Rondun terus mengoceh, tapi sikap agresif Rosalie tidak goyah; sebaliknya, belati yang tertanam di sofa kembali ke tangannya.
“Kamu menggunakan sihir?”
“Ya! Saya seorang pesulap! Dan saya datang ke sini untuk percakapan menarik dengan Duchess. Aku mengambil kesempatan ini untuk datang ketika manusia berambut merah yang selalu berada di sisimu tidak ada.”
“Aku belum pernah melihat pesulap sepertimu sebelumnya.”
“Oh tidak. Kita bertatapan di depan Istana Kekaisaran, ingat?”
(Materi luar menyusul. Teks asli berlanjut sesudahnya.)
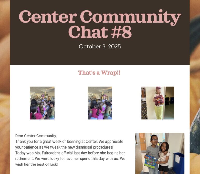 Center Elementary School Community Chat: Oct. 3, 2025 Posted October 3rd, 2025 in Newsletters Center Elementary School Community Chat Back Issues 2025-26 Oct. 3, 2025 Sept. 26, 2025 Sept. 19, 2025 Sept. 12, 2025 Sept. 5, 2025 Aug. 28, 2025 Aug. 19, 2025 Aug. 14, 2025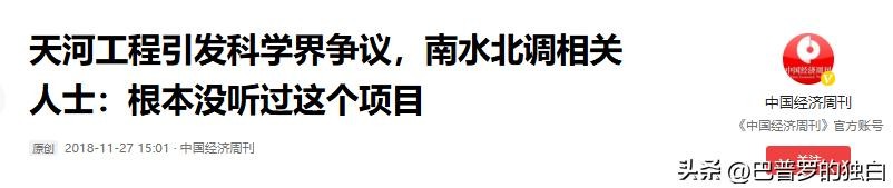 [3] 【中国经济周刊】——《天河工程引发科学界争议,南水北调相关人士:根本没听过这个项目》

Ketika Rosalie lupa, Rondun menyeringai dan membuka tudung jubahnya ke atas kepalanya. Meskipun warna jubahnya berbeda dari sebelumnya, Rosalie dengan cepat mengenalinya.
“Apa yang kamu mau dari aku?”
“Seperti yang saya katakan, percakapan yang menarik. Jadi, bisakah kamu menyingkirkan belati itu? Saya benar-benar baru saja datang untuk berbicara hari ini.”
Rondun menunjuk belati itu dengan dagunya. Namun, Rosalie tidak menyimpan belati itu sesuai permintaannya.
‘Dalam novel, tidak disebutkan penyihir tertentu sebagai karakter. Apakah ini seseorang yang muncul di bagian selanjutnya? Mengapa karakter seperti itu datang kepadaku?’
Rondun mulai memohon ketika dia tidak menyarungkan belatinya, matanya berkaca-kaca dan tangannya terkepal.
“Ini adalah percakapan yang benar-benar bermanfaat bagi Anda.”
Seorang penyihir yang berhasil memasuki pengadilan Istana Kekaisaran bisa saja menyelinap menggunakan kekuatannya. Namun, seorang penyihir dari Menara Penyihir yang tertutup berada di ibu kota adalah hal yang tidak biasa.
Menyadari kebutuhan untuk menemukan motif mencurigakannya, Rosalie menyarungkan belatinya. Namun, dia tetap mempertahankan sikap hati-hatinya.
“Jangan melakukan hal bodoh.”
“Hmm, kamu lebih menakutkan dari yang kukira. Saya mengetahui bahwa Rosalie Judeheart yang asli secara patologis pemalu dan cengeng. Seolah-olah orangnya, bukan, jiwanya, telah berubah.”
Rosalie menegang mendengar komentar tajam itu. Dia terus menatapnya tanpa memalingkan muka, sudut mulutnya terangkat ke bawah bagian jubahnya yang terbuka.
“Dengan baik. Halo, Duchess dengan jiwa yang berubah.”
Rondun melepas tudung jubahnya sementara Rosalie berusaha menjaga ekspresinya agar tidak berubah, menekan jantungnya yang gemetar.
“Omong kosong apa yang kamu bicarakan?”
“Pertama, dengarkan apa yang saya katakan sebelum menyangkalnya. Saya seorang pesulap yang cukup kompeten, Anda tahu?
Rosalie berpura-pura tidak peduli, tapi dalam hati dia mencoba menyimpulkan apa yang diinginkan penyihir mencurigakan ini darinya.
‘Seberapa banyak yang dia ketahui, dan mengapa dia mendekatiku seperti ini?’